What is required: The expected output is the full set of entries, printed exactly, without pictures.
Start of Material to process
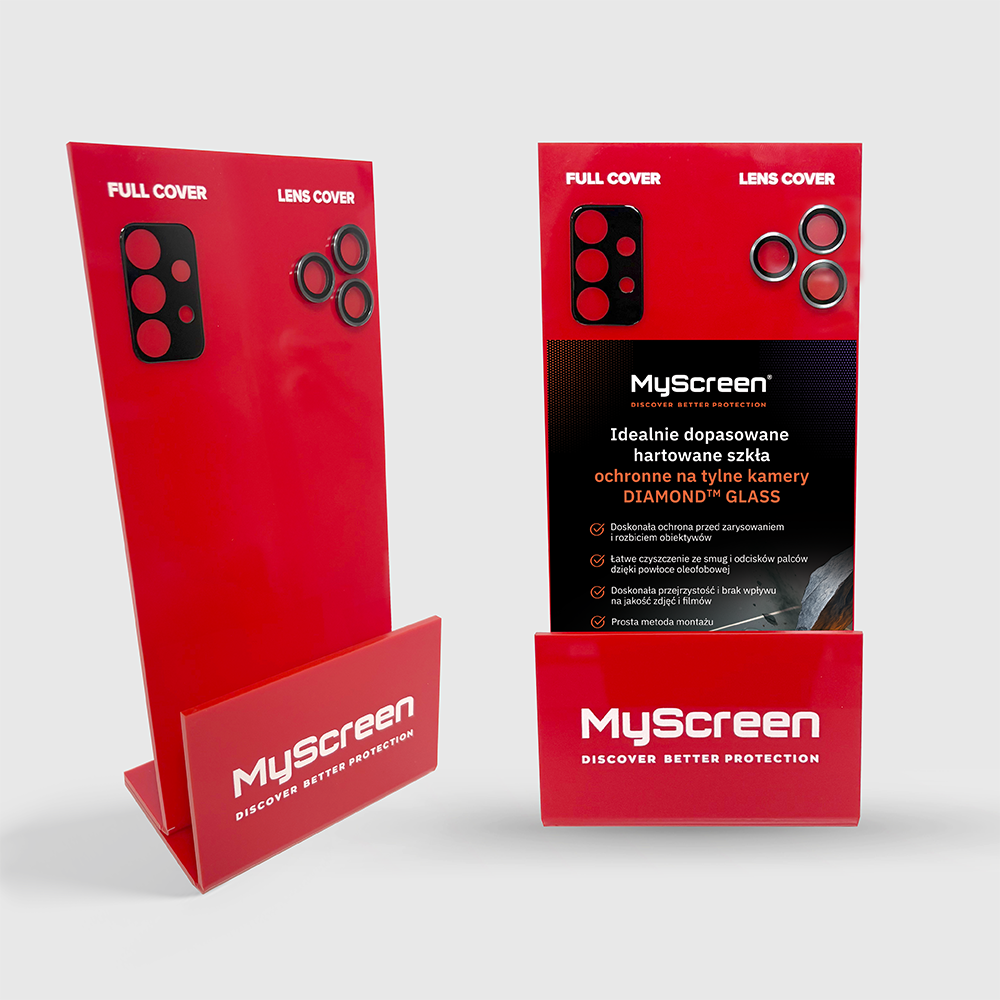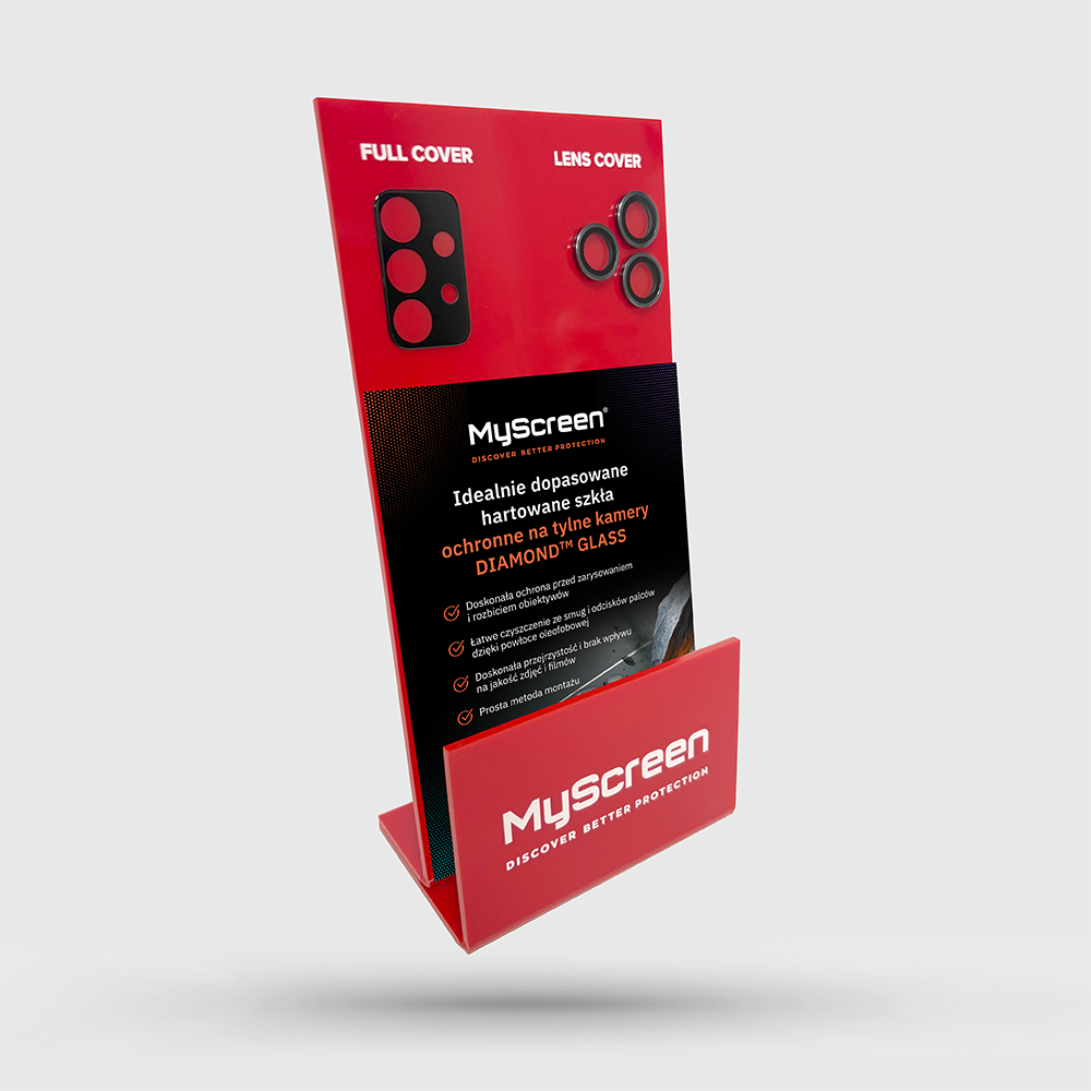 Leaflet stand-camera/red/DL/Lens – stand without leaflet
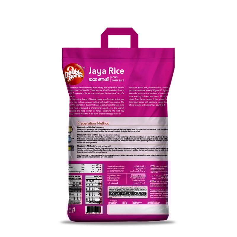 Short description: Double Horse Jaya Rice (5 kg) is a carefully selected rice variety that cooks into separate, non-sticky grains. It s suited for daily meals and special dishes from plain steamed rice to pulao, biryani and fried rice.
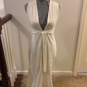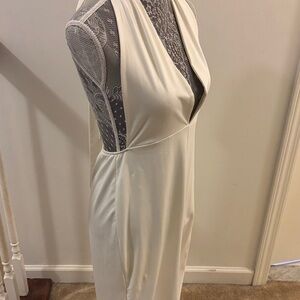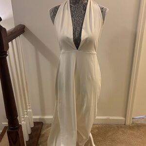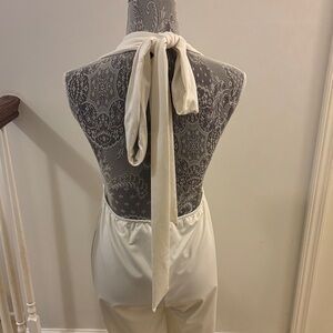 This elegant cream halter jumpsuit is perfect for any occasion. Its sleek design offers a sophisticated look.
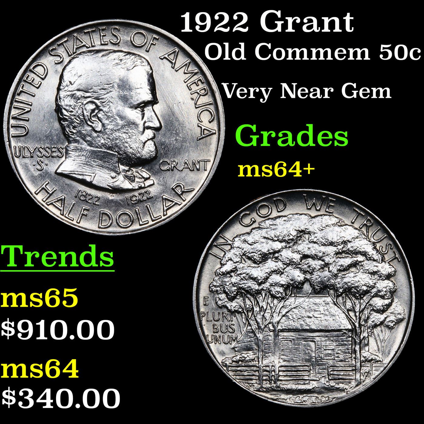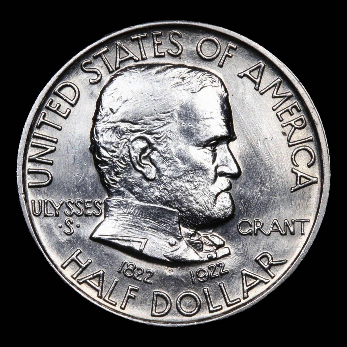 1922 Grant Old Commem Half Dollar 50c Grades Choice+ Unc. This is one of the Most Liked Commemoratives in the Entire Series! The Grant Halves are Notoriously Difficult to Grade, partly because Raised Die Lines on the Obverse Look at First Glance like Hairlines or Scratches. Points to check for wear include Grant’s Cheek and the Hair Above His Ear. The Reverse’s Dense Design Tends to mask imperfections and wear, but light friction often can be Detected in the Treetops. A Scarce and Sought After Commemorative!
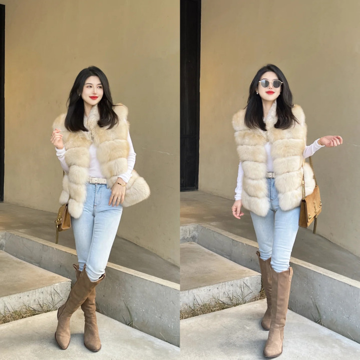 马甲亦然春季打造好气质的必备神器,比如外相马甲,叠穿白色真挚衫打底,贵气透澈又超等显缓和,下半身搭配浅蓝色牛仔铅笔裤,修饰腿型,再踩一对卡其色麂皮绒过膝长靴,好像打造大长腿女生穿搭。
End of Material to process
Response below:
 Leaflet stand-camera/red/DL/Lens – stand without leaflet
 Short description: Double Horse Jaya Rice (5 kg) is a carefully selected rice variety that cooks into separate, non-sticky grains. It s suited for daily meals and special dishes from plain steamed rice to pulao, biryani and fried rice.
 This elegant cream halter jumpsuit is perfect for any occasion. Its sleek design offers a sophisticated look.
 1922 Grant Old Commem Half Dollar 50c Grades Choice+ Unc. This is one of the Most Liked Commemoratives in the Entire Series! The Grant Halves are Notoriously Difficult to Grade, partly because Raised Die Lines on the Obverse Look at First Glance like Hairlines or Scratches. Points to check for wear include Grant’s Cheek and the Hair Above His Ear. The Reverse’s Dense Design Tends to mask imperfections and wear, but light friction often can be Detected in the Treetops. A Scarce and Sought After Commemorative!
 马甲亦然春季打造好气质的必备神器,比如外相马甲,叠穿白色真挚衫打底,贵气透澈又超等显缓和,下半身搭配浅蓝色牛仔铅笔裤,修饰腿型,再踩一对卡其色麂皮绒过膝长靴,好像打造大长腿女生穿搭。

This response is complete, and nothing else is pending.